--- DATA SHOWN ---

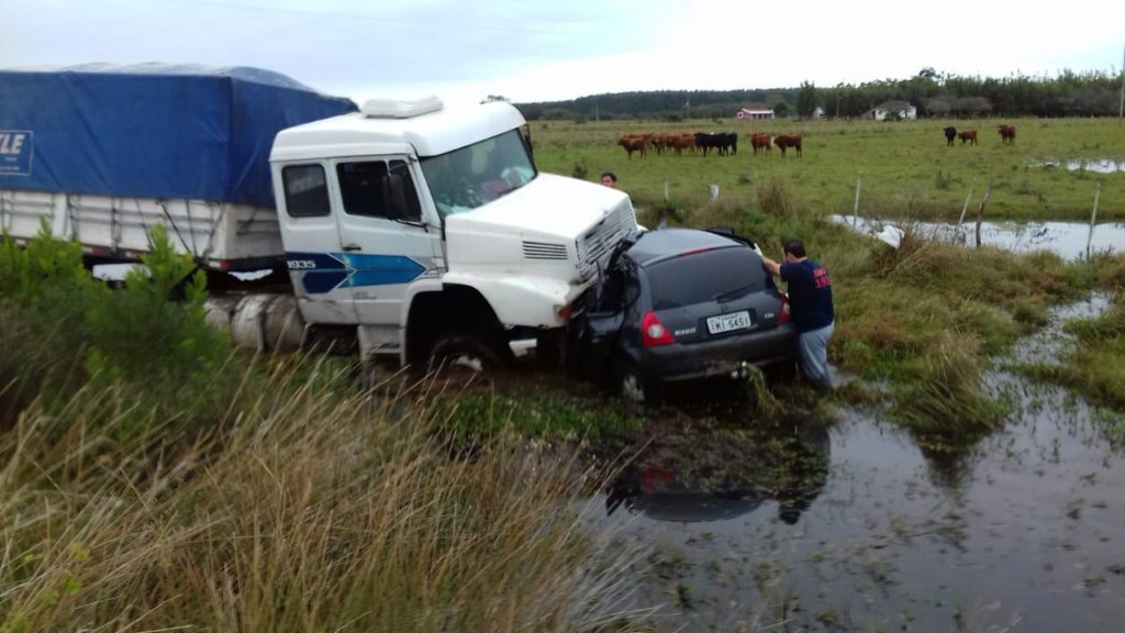 A colisão envolveu uma carreta e um Renault Clio.
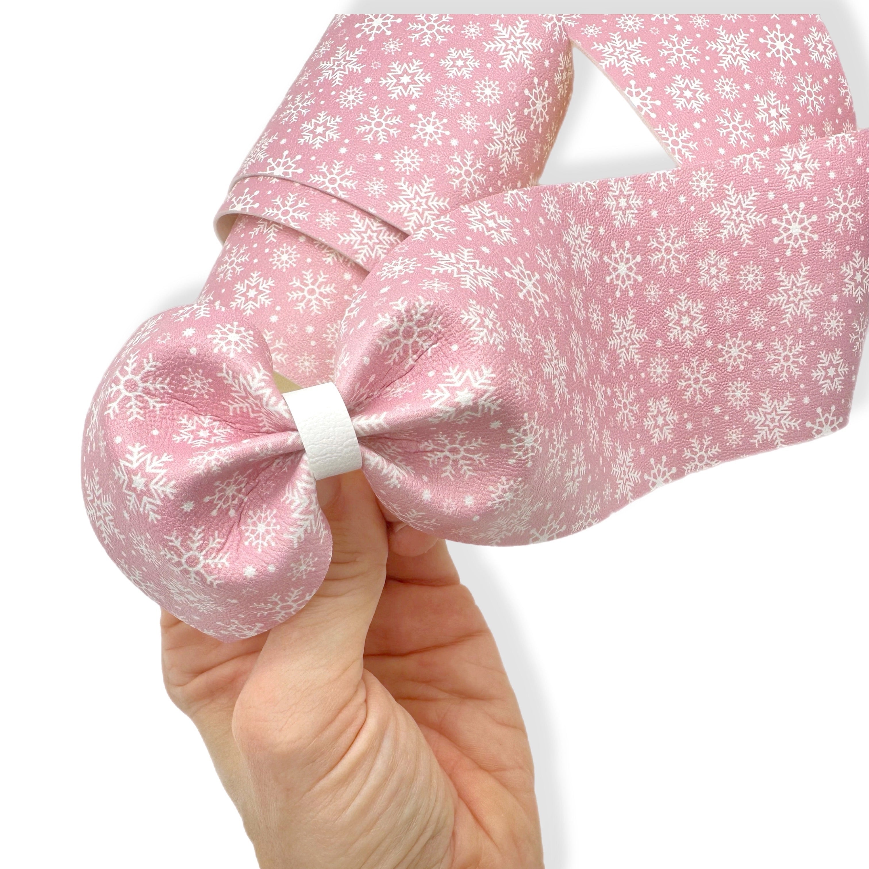 DUSKY PINK SNOWFLAKES FAUX LEATHER MEGA BOW STRIPS
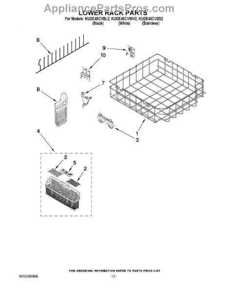 Parts for Kitchenaid KUDE45CVWH2: 10 - Lower Rack Parts

---

Please give back every line above exactly as it stands, without pictures.

◆ OUTPUT OF THE TASK:
 A colisão envolveu uma carreta e um Renault Clio.
 DUSKY PINK SNOWFLAKES FAUX LEATHER MEGA BOW STRIPS
 Parts for Kitchenaid KUDE45CVWH2: 10 - Lower Rack Parts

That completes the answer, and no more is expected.